2 files changed, 172 insertions, 85 deletions
diff --git a/llvm/lib/Target/PowerPC/PPCISelLowering.cpp b/llvm/lib/Target/PowerPC/PPCISelLowering.cpp
index c62fedf..37e1568 100644
--- a/llvm/lib/Target/PowerPC/PPCISelLowering.cpp
+++ b/llvm/lib/Target/PowerPC/PPCISelLowering.cpp
@@ -9562,7 +9562,8 @@ SDValue PPCTargetLowering::LowerVECTOR_SHUFFLE(SDValue Op,
     // which is strictly wider than the loaded value by 8 bytes. So we need to
     // adjust the splat index to point to the correct address in memory.
     if (IsPermutedLoad) {
-      assert(isLittleEndian && "Unexpected permuted load on big endian target");
+      assert((isLittleEndian || IsFourByte) &&
+             "Unexpected size for permuted load on big endian target");
       SplatIdx += IsFourByte ? 2 : 1;
       assert((SplatIdx < (IsFourByte ? 4 : 2)) &&
              "Splat of a value outside of the loaded memory");
@@ -9577,6 +9578,11 @@ SDValue PPCTargetLowering::LowerVECTOR_SHUFFLE(SDValue Op,
       else
         Offset = isLittleEndian ? (1 - SplatIdx) * 8 : SplatIdx * 8;
 
+      // If the width of the load is the same as the width of the splat,
+      // loading with an offset would load the wrong memory.
+      if (LD->getValueType(0).getSizeInBits() == (IsFourByte ? 32 : 64))
+        Offset = 0;
+
       SDValue BasePtr = LD->getBasePtr();
       if (Offset != 0)
         BasePtr = DAG.getNode(ISD::ADD, dl, getPointerTy(DAG.getDataLayout()),
@@ -14200,13 +14206,24 @@ static SDValue isScalarToVec(SDValue Op) {
   return SDValue();
 }
 
+// Fix up the shuffle mask to account for the fact that the result of
+// scalar_to_vector is not in lane zero. This just takes all values in
+// the ranges specified by the min/max indices and adds the number of
+// elements required to ensure each element comes from the respective
+// position in the valid lane.
+// On little endian, that's just the corresponding element in the other
+// half of the vector. On big endian, it is in the same half but right
+// justified rather than left justified in that half.
 static void fixupShuffleMaskForPermutedSToV(SmallVectorImpl<int> &ShuffV,
                                             int LHSMaxIdx, int RHSMinIdx,
-                                            int RHSMaxIdx, int HalfVec) {
+                                            int RHSMaxIdx, int HalfVec,
+                                            unsigned ValidLaneWidth,
+                                            const PPCSubtarget &Subtarget) {
   for (int i = 0, e = ShuffV.size(); i < e; i++) {
     int Idx = ShuffV[i];
     if ((Idx >= 0 && Idx < LHSMaxIdx) || (Idx >= RHSMinIdx && Idx < RHSMaxIdx))
-      ShuffV[i] += HalfVec;
+      ShuffV[i] +=
+          Subtarget.isLittleEndian() ? HalfVec : HalfVec - ValidLaneWidth;
   }
 }
 
@@ -14215,7 +14232,8 @@ static void fixupShuffleMaskForPermutedSToV(SmallVectorImpl<int> &ShuffV,
 // (<n x Ty> (scalar_to_vector (Ty (extract_elt <n x Ty> %a, C))))
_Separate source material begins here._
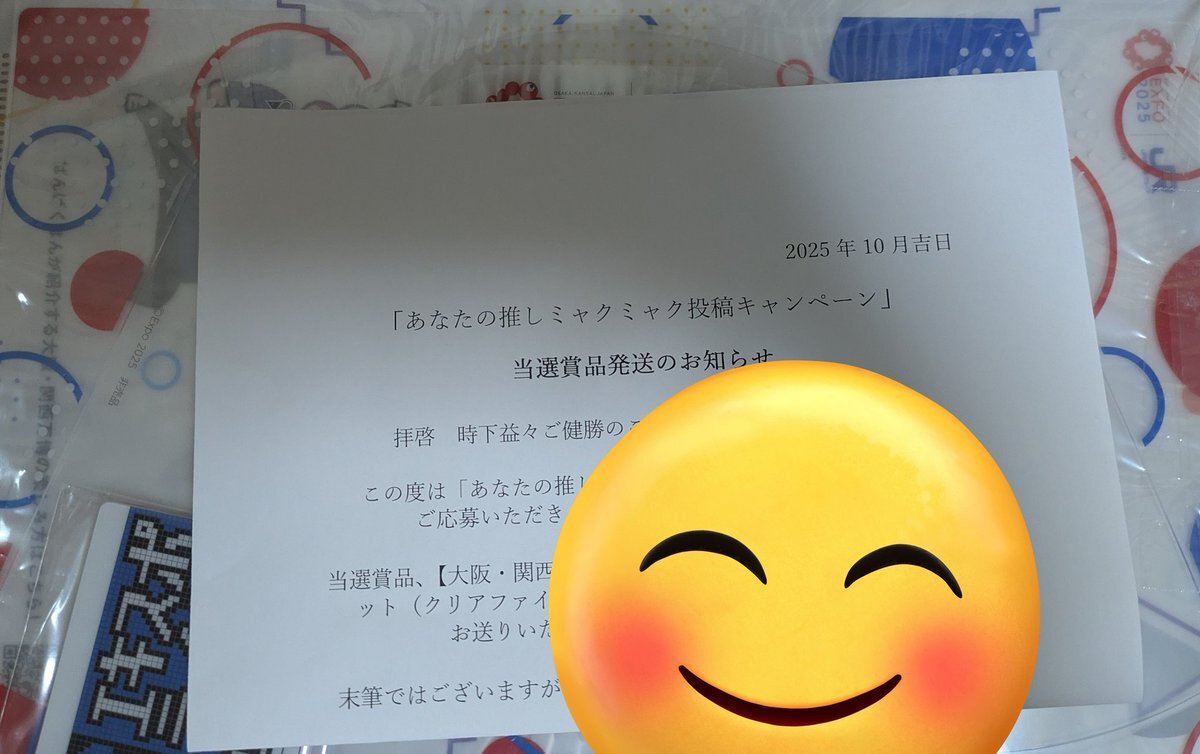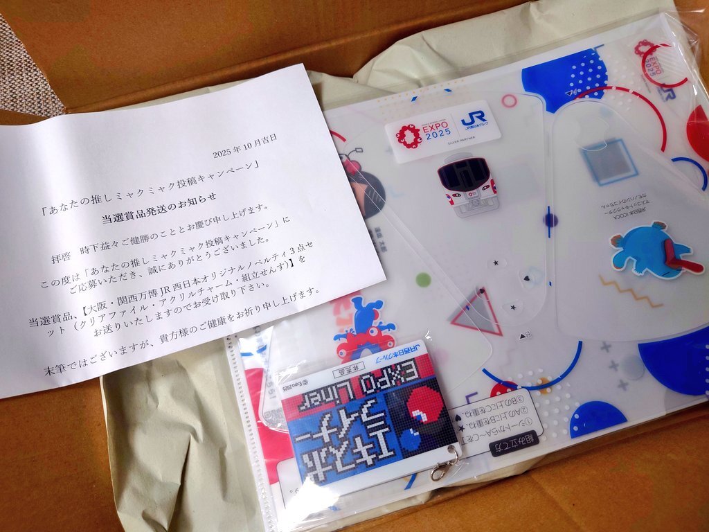 なんと!世界のミャクミャク展のポストを固定してたら当選しました😊 西日本旅客鉄道さま、ありがとうございました🙇 #世界のミャクミャク展 #JR西日本 pic.x.com/Y4sW0wwlxH x.com/expo2025_jrwes…

 // In such a case, just change the shuffle mask to extract the element
 // from the permuted index.
-static SDValue getSToVPermuted(SDValue OrigSToV, SelectionDAG &DAG) {
+static SDValue getSToVPermuted(SDValue OrigSToV, SelectionDAG &DAG,
+                               const PPCSubtarget &Subtarget) {
   SDLoc dl(OrigSToV);
   EVT VT = OrigSToV.getValueType();
   assert(OrigSToV.getOpcode() == ISD::SCALAR_TO_VECTOR &&
@@ -14229,8 +14247,14 @@ static SDValue getSToVPermuted(SDValue OrigSToV, SelectionDAG &DAG) {
     // Can't handle non-const element indices or different vector types
     // for the input to the extract and the output of the scalar_to_vector.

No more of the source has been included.